Fed’s Hammack says interest rates could be on hold ‘for quite some time’


Feb 10 (Reuters) – Cleveland Federal Reserve Bank President Beth Hammack said on Tuesday that the U.S. central bank faces no urgency to change its interest rate setting this year amid a “cautiously optimistic” outlook for economic activity.

Given the likely outlook, “we could be on hold for quite some time” when it comes to setting the central bank’s target range for interest rates, Hammack said in the text of a speech prepared for presentation to the Ohio Bankers League in Columbus, Ohio.

“I think we’re in a good position to keep the funds rate at that level and see how things play out” with monetary policy most likely in an environment that neither slows nor boosts economic activity, he said.

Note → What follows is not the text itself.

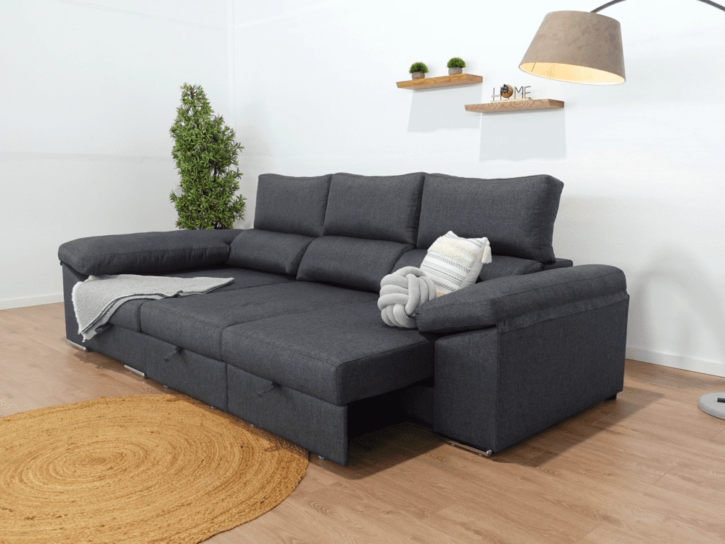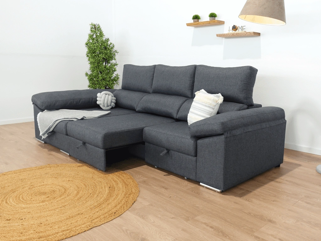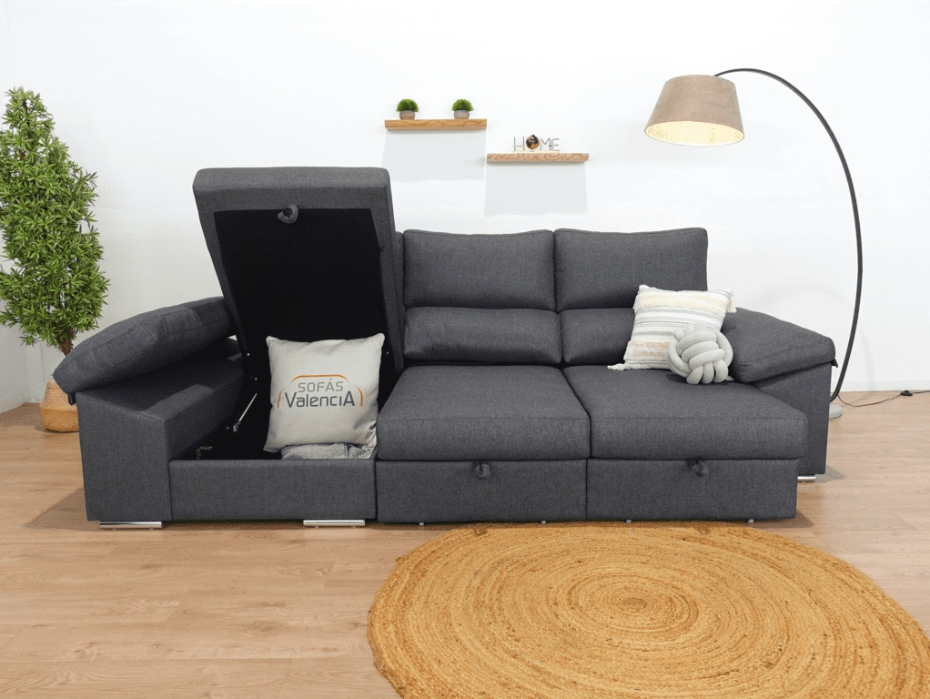 El chaise longue Tarragona es uno de los sofás más completos. Cuenta con un arcón GRATIS en el chaise longue aportando un gran espacio de almacenamiento para todo tipo de objetos. Además, sus asientos extraíbles con apoyo al suelo aportan comodidad y estabilidad. Todo esto sin dejar de lado comodidad , que no se queda atrás gracias a sus brazos mullidos y su espuma de calidad.

“Rather than trying to adjust the funds rate, I prefer to err on the side of patience as we assess the impact of recent rate cuts and monitor the performance of the economy,” Hammack said, adding, “a stable funds rate would reflect positive economic developments.”

Hammack, who has voted in this year’s Federal Open Market Committee on interest rate setting, said he supported the central bank’s decision to keep its target range of interest rates steady at 3.5% to 3.75% at the end of January.

The Fed cut its target by 75 basis points last year as it sought to boost a softening labor market while maintaining enough restraint to return inflation to the 2% target it has outpaced for years.

Hammack has been skeptical of rate cuts given the state of inflation dynamics. Fed officials have targeted rate cuts for this year, but have given little guidance on timing in recent comments.

It is highly likely that rate cuts could re-emerge as an issue if Kevin Warsh is confirmed to succeed Jerome Powell as Fed chairman when the current leader’s term ends in May. President Donald Trump has aggressively pressed the Fed to cut rates and has said a desire for aggressive easing would be a key thing he would want from any Fed leader.

In his comments, Hammack noted that the economic outlook is bright, but at the same time, he noted that inflation remains “too high” and said it was important for price pressures to ease amid the risk that it could be stuck at around 3% this year.

“Growth this year should be boosted by easier financial conditions, recent interest rate cuts and fiscal support, among other factors,” Hammack said.

In terms of hiring, the information points to some stability at the moment. “Both the official data and what we’re hearing from companies point to a ‘low-hire, low-fire’ environment where companies aren’t adding a lot of workers, but they’re also not firing a lot,” Hammack said.